» **PROBLEM**
Return the entries in full, exactly as they were written.

Items from a data source:
══════

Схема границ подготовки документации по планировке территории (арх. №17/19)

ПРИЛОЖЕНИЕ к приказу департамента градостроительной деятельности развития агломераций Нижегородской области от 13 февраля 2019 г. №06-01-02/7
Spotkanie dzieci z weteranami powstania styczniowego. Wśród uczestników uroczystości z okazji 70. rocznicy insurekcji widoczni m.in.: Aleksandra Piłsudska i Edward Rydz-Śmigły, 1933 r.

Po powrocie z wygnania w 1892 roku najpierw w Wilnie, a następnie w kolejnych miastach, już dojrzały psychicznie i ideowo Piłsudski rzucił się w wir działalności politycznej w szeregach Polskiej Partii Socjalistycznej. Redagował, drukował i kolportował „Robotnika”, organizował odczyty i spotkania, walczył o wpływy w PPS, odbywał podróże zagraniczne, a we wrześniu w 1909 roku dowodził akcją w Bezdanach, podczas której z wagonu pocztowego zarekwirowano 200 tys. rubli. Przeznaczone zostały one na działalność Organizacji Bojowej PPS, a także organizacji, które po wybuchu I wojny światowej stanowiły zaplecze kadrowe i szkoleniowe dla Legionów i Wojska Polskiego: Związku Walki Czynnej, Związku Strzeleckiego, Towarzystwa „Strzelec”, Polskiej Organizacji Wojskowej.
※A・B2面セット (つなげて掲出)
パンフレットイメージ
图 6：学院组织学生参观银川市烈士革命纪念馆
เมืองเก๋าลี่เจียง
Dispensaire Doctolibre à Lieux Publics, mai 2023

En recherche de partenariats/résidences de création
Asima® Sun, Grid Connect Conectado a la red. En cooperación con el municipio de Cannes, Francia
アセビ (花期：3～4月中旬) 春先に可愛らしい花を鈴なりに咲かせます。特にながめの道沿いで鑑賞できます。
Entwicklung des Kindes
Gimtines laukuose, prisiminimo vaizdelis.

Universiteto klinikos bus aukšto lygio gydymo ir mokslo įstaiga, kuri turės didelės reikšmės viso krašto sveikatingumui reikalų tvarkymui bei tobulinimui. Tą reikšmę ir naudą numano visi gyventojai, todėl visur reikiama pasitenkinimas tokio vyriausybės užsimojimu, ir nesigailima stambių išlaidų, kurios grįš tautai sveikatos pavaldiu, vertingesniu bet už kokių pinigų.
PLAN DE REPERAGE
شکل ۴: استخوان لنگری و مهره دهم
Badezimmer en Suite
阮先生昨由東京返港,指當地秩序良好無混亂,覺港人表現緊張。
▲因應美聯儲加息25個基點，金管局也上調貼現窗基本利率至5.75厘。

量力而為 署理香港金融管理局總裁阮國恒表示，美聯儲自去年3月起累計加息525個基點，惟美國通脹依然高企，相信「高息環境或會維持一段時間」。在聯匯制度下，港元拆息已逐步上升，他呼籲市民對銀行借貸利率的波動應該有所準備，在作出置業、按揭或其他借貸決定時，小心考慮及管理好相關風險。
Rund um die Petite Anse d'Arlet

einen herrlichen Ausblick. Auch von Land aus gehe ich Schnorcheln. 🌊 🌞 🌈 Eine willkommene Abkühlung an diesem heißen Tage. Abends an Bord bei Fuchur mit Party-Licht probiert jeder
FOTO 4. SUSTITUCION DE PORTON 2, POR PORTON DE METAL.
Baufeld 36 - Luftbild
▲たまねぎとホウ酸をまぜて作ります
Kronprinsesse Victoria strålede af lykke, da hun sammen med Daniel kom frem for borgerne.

══════

» **RESPONSE AREA**
Схема границ подготовки документации по планировке территории (арх. №17/19)

ПРИЛОЖЕНИЕ к приказу департамента градостроительной деятельности развития агломераций Нижегородской области от 13 февраля 2019 г. №06-01-02/7
Spotkanie dzieci z weteranami powstania styczniowego. Wśród uczestników uroczystości z okazji 70. rocznicy insurekcji widoczni m.in.: Aleksandra Piłsudska i Edward Rydz-Śmigły, 1933 r.

Po powrocie z wygnania w 1892 roku najpierw w Wilnie, a następnie w kolejnych miastach, już dojrzały psychicznie i ideowo Piłsudski rzucił się w wir działalności politycznej w szeregach Polskiej Partii Socjalistycznej. Redagował, drukował i kolportował „Robotnika”, organizował odczyty i spotkania, walczył o wpływy w PPS, odbywał podróże zagraniczne, a we wrześniu w 1909 roku dowodził akcją w Bezdanach, podczas której z wagonu pocztowego zarekwirowano 200 tys. rubli. Przeznaczone zostały one na działalność Organizacji Bojowej PPS, a także organizacji, które po wybuchu I wojny światowej stanowiły zaplecze kadrowe i szkoleniowe dla Legionów i Wojska Polskiego: Związku Walki Czynnej, Związku Strzeleckiego, Towarzystwa „Strzelec”, Polskiej Organizacji Wojskowej.
※A・B2面セット (つなげて掲出)
パンフレットイメージ
图 6：学院组织学生参观银川市烈士革命纪念馆
เมืองเก๋าลี่เจียง
Dispensaire Doctolibre à Lieux Publics, mai 2023

En recherche de partenariats/résidences de création
Asima® Sun, Grid Connect Conectado a la red. En cooperación con el municipio de Cannes, Francia
アセビ (花期：3～4月中旬) 春先に可愛らしい花を鈴なりに咲かせます。特にながめの道沿いで鑑賞できます。
Entwicklung des Kindes
Gimtines laukuose, prisiminimo vaizdelis.

Universiteto klinikos bus aukšto lygio gydymo ir mokslo įstaiga, kuri turės didelės reikšmės viso krašto sveikatingumui reikalų tvarkymui bei tobulinimui. Tą reikšmę ir naudą numano visi gyventojai, todėl visur reikiama pasitenkinimas tokio vyriausybės užsimojimu, ir nesigailima stambių išlaidų, kurios grįš tautai sveikatos pavaldiu, vertingesniu bet už kokių pinigų.
PLAN DE REPERAGE
شکل ۴: استخوان لنگری و مهره دهم
Badezimmer en Suite
阮先生昨由東京返港,指當地秩序良好無混亂,覺港人表現緊張。
▲因應美聯儲加息25個基點，金管局也上調貼現窗基本利率至5.75厘。

量力而為 署理香港金融管理局總裁阮國恒表示，美聯儲自去年3月起累計加息525個基點，惟美國通脹依然高企，相信「高息環境或會維持一段時間」。在聯匯制度下，港元拆息已逐步上升，他呼籲市民對銀行借貸利率的波動應該有所準備，在作出置業、按揭或其他借貸決定時，小心考慮及管理好相關風險。
Rund um die Petite Anse d'Arlet

einen herrlichen Ausblick. Auch von Land aus gehe ich Schnorcheln. 🌊 🌞 🌈 Eine willkommene Abkühlung an diesem heißen Tage. Abends an Bord bei Fuchur mit Party-Licht probiert jeder
FOTO 4. SUSTITUCION DE PORTON 2, POR PORTON DE METAL.
Baufeld 36 - Luftbild
▲たまねぎとホウ酸をまぜて作ります
Kronprinsesse Victoria strålede af lykke, da hun sammen med Daniel kom frem for borgerne.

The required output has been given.